Dedicated to Diana Irwin, who taught me some
essential lessons of life, for example, capitalizing the word “I.”
The joke in the title is one that I’m in
the process of making up. It doesn’t have a punch line yet. Let me know if you
have any ideas.
Another Short Story About My Dictionary:
(see blog post “Animal Poop” for the first dictionary story)
Once, I brought my dictionary to class and
had students look up vocabulary words as part of the lesson. One of my students
wanted to find out how to say a word in English, so he volunteered to search in
the dictionary. I handed it to him, glad for his eagerness to participate,
although most kids are usually pretty excited to touch the dictionary.

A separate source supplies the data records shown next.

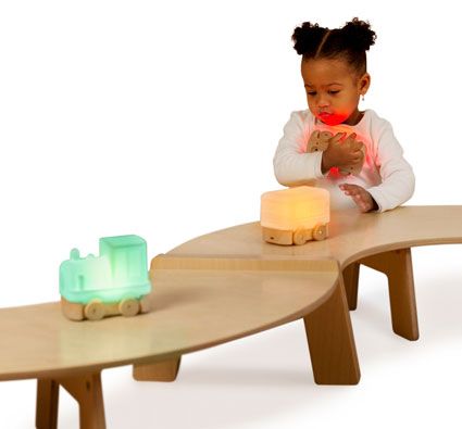 Tamaño de la locomotora: largo 12 cm x ancho 8 cm x Alto 11 cm. <br>Fabricados en silicona blandita y madera. <br><br>Set de 3 vehículos luminosos recargables que van cambiando de color cada vez de los tocas. Botón de apagado y encendido. Se entrega con cable USB.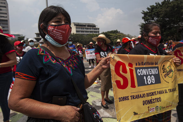 Guatemala'daki göstericiler müzik eşliğinde dans etti ve sloganlar attı. Şehir merkezine pankartlar asıldı.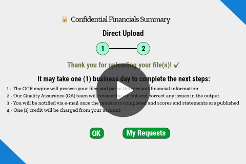 From user or their designated supplier invitee upload of financial statements to actionable insights in 1 business day.

But after about ten minutes, he stood up
in exasperation.
“Desconsegui.” I give up.
I tried to point him in the right
direction. I asked him which word in Portuguese he was looking for, then glanced at the page
he was on. He was looking in the ‘a’ section. Clearly he was not on the right
track.
“Ok, does ‘m’ come before or after ‘a’?
Good. Find the words that start with ‘m.’ Great job. Now find the words that
start with ‘mo.’ You got it.” After these few words of explanation and
encouragement, I went back to talking with the rest of my class.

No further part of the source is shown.